I dare say all of us have at least one friend or acquaint who strongly believes that eating meat is murder. While the debate on whether humans as moral beings should consume meat has been going on for centuries, it still pops up every now and then in media, as no resolution seems to emerge. As someone who has tried both ends of the spectrum, it has become clear to me that the utopia of all God’s creatures living in perfect mutualism isn’t as easily achievable as many vegans would have you believe.
When talking about vegans and their near opposites (a.k.a. carnists) one easily forgets that there exists a middle ground. In between you find people who have given up red meat, people who have given up all meat except fish, vegetarians, vegans who eat honey, vegans who wear second-hand leather shoes, etc. There’s a whole range of people who do not identify with either of the extremes. And the closer one gets to the vegan end, the more uncomfortable one might feel for not being “good enough person”. However, one might still easily condemn those “not doing enough”, people who feel that their eating habits are perfectly justifiable.

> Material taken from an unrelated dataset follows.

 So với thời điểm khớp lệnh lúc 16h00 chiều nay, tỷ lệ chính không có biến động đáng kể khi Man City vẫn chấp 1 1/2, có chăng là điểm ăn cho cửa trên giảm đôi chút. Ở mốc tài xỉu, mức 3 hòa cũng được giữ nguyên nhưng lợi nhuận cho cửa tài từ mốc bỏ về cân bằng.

Evidently, not all vegans practise veganism for ethical reasons. There are cultures in which vegetable-based lifestyle is much more prominent than in others, e.g. in India. While some Indians choose veganism or vegetarianism for economical reasons, there are also others who wish to give up meat for their religion (especially Buddhism) or simply because it is very convenient as their friends and family are already on the diet. I’ve also met people who do not condemn carnivourousness while they prefer not to eat meat themselves; usually they have chosen to do so for health reasons or simply because they do not find it suitable considering their profession. (One of them was a sea biologist).

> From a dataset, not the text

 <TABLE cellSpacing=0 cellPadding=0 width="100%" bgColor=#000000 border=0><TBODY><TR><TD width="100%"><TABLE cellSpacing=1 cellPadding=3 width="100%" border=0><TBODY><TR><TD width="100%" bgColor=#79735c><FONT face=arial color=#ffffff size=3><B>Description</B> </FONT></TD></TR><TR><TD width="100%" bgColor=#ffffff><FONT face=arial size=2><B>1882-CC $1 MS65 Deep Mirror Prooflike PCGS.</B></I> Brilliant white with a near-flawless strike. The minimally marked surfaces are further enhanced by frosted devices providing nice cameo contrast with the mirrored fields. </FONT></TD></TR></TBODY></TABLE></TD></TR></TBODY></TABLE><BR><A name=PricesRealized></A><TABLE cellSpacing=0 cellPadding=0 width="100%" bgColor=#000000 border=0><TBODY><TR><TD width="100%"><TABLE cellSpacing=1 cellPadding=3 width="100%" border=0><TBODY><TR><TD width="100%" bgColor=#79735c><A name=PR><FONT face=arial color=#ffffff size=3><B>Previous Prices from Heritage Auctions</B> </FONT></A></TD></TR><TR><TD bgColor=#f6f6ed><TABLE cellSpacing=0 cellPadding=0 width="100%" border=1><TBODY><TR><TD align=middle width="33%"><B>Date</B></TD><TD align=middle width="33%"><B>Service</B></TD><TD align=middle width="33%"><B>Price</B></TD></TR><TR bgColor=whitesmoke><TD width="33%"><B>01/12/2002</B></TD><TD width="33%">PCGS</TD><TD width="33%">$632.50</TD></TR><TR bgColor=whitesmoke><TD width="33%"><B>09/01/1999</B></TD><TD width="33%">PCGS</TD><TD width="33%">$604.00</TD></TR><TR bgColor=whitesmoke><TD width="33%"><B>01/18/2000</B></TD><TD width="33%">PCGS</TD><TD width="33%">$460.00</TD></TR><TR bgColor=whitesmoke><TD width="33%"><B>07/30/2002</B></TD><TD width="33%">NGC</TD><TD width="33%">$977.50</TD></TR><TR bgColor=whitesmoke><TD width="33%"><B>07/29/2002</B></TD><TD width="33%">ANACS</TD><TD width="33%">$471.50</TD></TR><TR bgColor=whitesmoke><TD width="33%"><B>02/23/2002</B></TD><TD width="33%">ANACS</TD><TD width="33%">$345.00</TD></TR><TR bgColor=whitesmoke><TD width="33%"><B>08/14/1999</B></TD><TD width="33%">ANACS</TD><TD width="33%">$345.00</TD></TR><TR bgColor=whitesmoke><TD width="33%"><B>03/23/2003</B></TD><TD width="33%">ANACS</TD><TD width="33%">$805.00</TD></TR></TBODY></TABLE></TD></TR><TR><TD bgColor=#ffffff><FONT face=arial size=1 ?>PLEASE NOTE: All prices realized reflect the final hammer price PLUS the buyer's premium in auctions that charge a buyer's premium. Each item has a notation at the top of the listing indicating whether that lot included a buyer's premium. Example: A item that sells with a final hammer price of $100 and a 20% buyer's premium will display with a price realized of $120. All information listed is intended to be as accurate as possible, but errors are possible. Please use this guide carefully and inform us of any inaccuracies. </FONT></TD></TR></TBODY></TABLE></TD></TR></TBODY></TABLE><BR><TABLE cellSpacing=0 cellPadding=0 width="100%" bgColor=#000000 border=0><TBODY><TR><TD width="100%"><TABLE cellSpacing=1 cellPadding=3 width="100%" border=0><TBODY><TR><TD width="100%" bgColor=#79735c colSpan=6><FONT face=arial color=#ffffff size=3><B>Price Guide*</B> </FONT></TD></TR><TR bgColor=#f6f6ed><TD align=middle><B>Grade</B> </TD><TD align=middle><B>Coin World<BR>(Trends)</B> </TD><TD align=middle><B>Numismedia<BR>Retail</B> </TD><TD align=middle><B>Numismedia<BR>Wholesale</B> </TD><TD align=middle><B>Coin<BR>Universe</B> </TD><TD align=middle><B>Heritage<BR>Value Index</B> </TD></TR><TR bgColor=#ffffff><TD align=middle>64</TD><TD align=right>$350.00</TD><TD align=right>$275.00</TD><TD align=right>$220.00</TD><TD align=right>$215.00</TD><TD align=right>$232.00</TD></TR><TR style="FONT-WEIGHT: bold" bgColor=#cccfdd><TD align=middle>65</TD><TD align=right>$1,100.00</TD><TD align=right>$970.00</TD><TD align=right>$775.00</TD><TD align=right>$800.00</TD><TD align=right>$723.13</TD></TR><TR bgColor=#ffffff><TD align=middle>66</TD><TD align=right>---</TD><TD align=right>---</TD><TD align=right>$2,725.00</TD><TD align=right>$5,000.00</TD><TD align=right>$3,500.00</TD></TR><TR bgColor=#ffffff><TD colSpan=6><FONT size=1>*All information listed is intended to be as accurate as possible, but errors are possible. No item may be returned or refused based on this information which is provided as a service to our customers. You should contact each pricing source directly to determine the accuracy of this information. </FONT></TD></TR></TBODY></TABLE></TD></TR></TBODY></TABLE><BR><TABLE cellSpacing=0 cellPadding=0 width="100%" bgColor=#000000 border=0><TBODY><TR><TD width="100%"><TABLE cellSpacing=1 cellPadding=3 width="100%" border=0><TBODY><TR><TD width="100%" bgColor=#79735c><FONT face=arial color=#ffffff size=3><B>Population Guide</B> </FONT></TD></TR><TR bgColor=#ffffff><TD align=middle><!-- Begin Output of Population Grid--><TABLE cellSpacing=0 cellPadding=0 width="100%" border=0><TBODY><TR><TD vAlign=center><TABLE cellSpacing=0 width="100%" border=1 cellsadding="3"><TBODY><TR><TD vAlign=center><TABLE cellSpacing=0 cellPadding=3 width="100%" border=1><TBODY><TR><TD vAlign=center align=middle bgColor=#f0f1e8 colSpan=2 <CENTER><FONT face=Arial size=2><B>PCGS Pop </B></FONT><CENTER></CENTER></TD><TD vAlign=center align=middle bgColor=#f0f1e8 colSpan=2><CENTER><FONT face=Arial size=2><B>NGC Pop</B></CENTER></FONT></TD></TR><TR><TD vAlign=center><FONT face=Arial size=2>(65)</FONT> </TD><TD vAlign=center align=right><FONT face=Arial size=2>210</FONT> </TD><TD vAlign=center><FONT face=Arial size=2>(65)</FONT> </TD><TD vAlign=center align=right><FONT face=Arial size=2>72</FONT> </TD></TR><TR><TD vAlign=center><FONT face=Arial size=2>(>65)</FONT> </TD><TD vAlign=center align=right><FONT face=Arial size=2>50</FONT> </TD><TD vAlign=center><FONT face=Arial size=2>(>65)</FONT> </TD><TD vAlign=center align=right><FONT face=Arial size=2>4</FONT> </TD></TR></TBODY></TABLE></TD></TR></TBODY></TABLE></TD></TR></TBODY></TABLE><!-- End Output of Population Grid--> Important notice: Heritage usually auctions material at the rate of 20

It is the ethical vegans that most people seem to be having trouble with. They’re much like Jehova’s witnesses (or representatives of any other religion you might disagree with) that come knocking on your door and tell you to change your ways or else.
Therefore it is perhaps hilariously ironical that there’s a study by Alan Levinovitz (Prof. of Religion at James Madison U and the author of The Gluten Lie: And Other Myths about What You Eat) claiming that food and religion are actually quite similar and that diet enthusiasts are more likely to be “prone to irrationality and they were susceptible to promises that in other contexts they’d be more critical (of)”. Obviously, it also does not help that there is plenty of misguided information on nutrition as well as on veganism to be found, which is sometimes further spread by individuals you’d imagine to be credible (e.g. the documentary film Forks Over Knives (2011), which at times uses arguments for veganism that would be more suitable for advocating the pesco-vegetarian diet).
But there are also vegans who are prone to imagine things about their diet, which are simply not true. Usually problems begin to rise if a vegan believes his lifestyle is the way of living ethically solely because he doesn’t “exploit animals”. But the truth is that a simple switch to veganism could be as bad for ecosystem as omnivorous lifestyle depending on what you eat as a vegan. If you’ve been blessed with cold winters you might find it surprisingly difficult to sustain a vegan diet that is good for you and the environment. Take soya, vegan’s “best” friend, for example: not only does it have to be cultivated in the vicinity of the equator but it poses many threats to environment by destroying the living habitat of the locals (meaning all the creatures, men and animals). While it is true that majority of the crops goes to feeding of livestock, a good vegan should not touch tofu with a bargepole. Then add all the other vegetables and fruit that will have to be imported and you’ll be surprised at the size of your carbon footprint.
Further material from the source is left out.